Pasaron unos minutos en silencio, Snape se encontraba molesto por su situación y Hermione estaba cada vez más segura de lo que había visto. Al final, Hermione optó por marcharse a su casa. Cuando ella se levantaba, dos chicas jóvenes entraban en la piscina, así que por primera vez en dos días no estaban solos.

- Bueno, profesor, yo debería irme ya… Que pase un buen día.

- Espere, Granger…- dijo el profesor, sorprendiéndose tanto a sí mismo como a la muchacha.

- ¿Sí? – preguntó ella sorprendida.

- Creo que sería bueno para sus músculos que mañana se tomara el día de descanso- sentenció él, Hermione se veía ¿decepcionada?

- Entiendo… Muchas gracias. – dijo ella, que se había vuelto a sentar en un banco de la piscina.

- Yo también me tomaré un día de descanso. – dijo él, sorprendiendo a Hermione, pues el profesor nunca hablaba de sí mismo.

- Claro, usted nada mucho más que yo. Bueno, entonces ya nos veremos ¿pasado mañana? O bueno, si cambia su horario, nos veremos en el castillo… Que pase unas estupendas vacaciones, por si acaso. – Hermione se estaba empezando a poner nerviosa por estar tanto rato con su profesor, en bañador y en la piscina. Además, hacía ya unos minutos que las burbujas habían parado y ninguno de los dos las había vuelto a activar.

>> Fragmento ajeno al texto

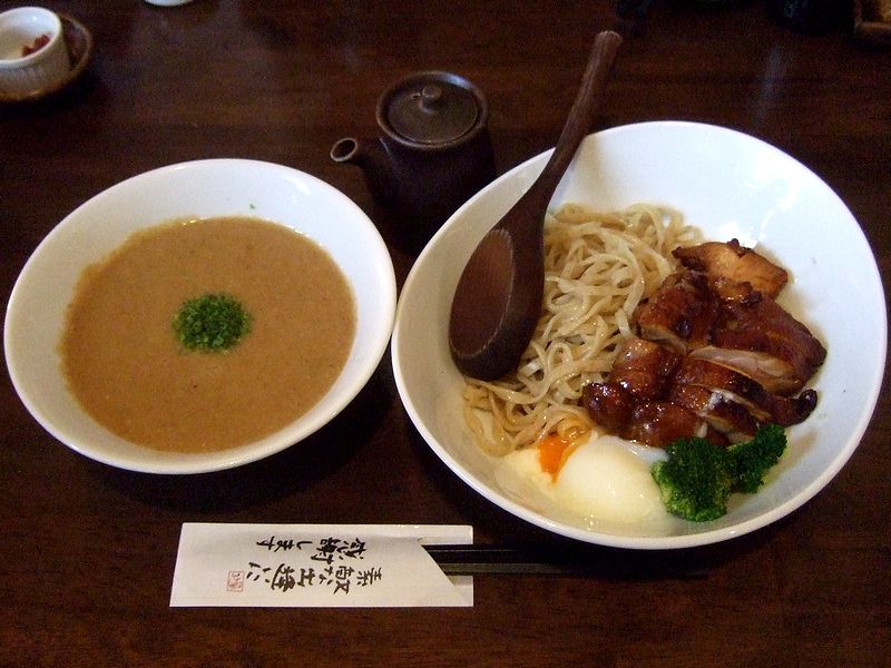 それから、同行者がいただいた濃厚チーズ味噌つけ麺も味見させてもらったのですが、これがまた名前の通りいろんな意味で濃厚。店員さんによると具の半熟玉子を麺に絡めてからいただくとのことですが、まずは麺を浸けようにもつけ汁に全然沈んでいかないという物理的な濃厚さもあり、また、いざ味わってみると麺と卵とドロドロなつけ汁が絡み合って、味的にもとっても濃厚。それにしても、チーズと味噌は良く合いますね。それと、付け合わせの鶏肉は、これだけで立派な一品料理。香ばしい風味が食欲をそそり、食べ応えもかなりありました。
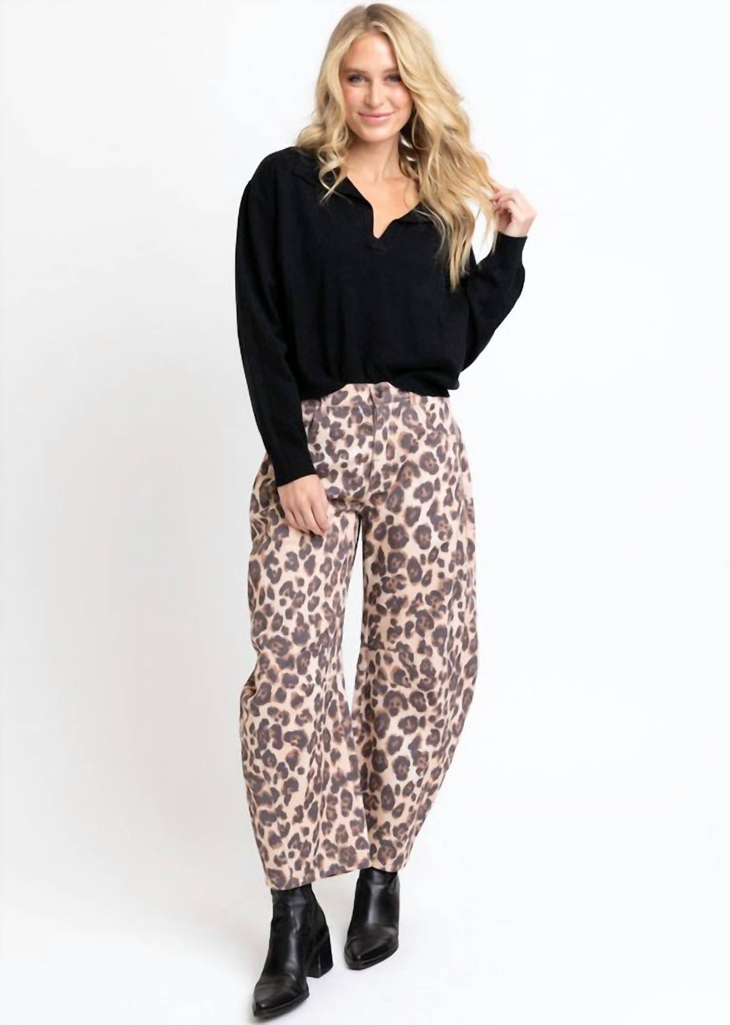 Karlie - Dani Leopard Denim Barrel Jean

- Déjeme terminar, Granger. ¿No se cansa nunca de hablar? – preguntó él, visiblemente molesto por las prisas que mostraba Hermione para marcharse.

- Disculpe.

- Es una tontería, pero había pensado que si se encuentra usted en la situación de que necesita un libro y no dispone de los medios para adquirirlo debido a que evidentemente no tiene acceso al castillo… tal vez yo podría darle acceso a unos cuantos de mis ejemplares más… privados. – Snape no sabía por qué le estaba dando acceso a sus libros personales, pero en cierto modo recordaba a cuando él era estudiante y no tenía acceso al castillo. – Digo, no es que usted me caiga bien ni nada de eso, pero sería una pena que por no tener acceso a su bibliografía habitual se volviera tan estúpida como el resto de sus amigos.

Hermione se quedó petrificada al oír eso. ¿Significaba, a caso, que el profesor le estaba dando acceso a su casa? ¿A qué se refería con "ejemplares privados"? ¿Era un cumplido que considerara estúpidos a sus amigos y no a ella?

- ¿De verdad? – preguntó Hermione tras unos segundos de incredulidad.

- No, Granger, de mentira…- contestó Snape poniendo los ojos en blanco.- Pues claro que es de verdad, pero no haga que me arrepienta.

- Eso me encantaría. – dijo ella mordiéndose el labio.

"Esto significa que vas a volver a verlo en otro momento, y además a solas otra vez… Y te va a enseñar sus "libros personales"… Aunque seguro que son todos de artes oscuras y cosas macabras… Madre mía… Qué fuerte…".

- Entonces, si gusta, nos vemos en la puerta del gimnasio mañana a las 10:00 de la mañana. No traiga bolsa de deporte. – sentenció él. Entonces, se levantó y se marchó de la piscina, dejando a Hermione perpleja en el agua.– Y, por supuesto, no comente nada de esto a sus repugnantes amigos.

No tuvo tiempo de responder, pues el hombre fue veloz en irse como un murciélago.

"Severus, ¿Acabas de invitar a una alumna a tu casa? ¿Te has vuelto loco o qué te pasa? Granger pensará ahora que eres un depravado o algún tipo de pervertido que quiere llevarla a su cueva… No va a acudir… Serás el hazme reír de Hogwarts, otra vez." Se recriminaba el hombre mentalmente.

Tras unos minutos de shock, Hermione también se levantó y se fue a duchar para pasar otra tranquila tarde en familia con sus padres, aunque esa tarde no fue muy tranquila para ella pues estaba continuamente pensando en que el día siguiente había quedado con Snape.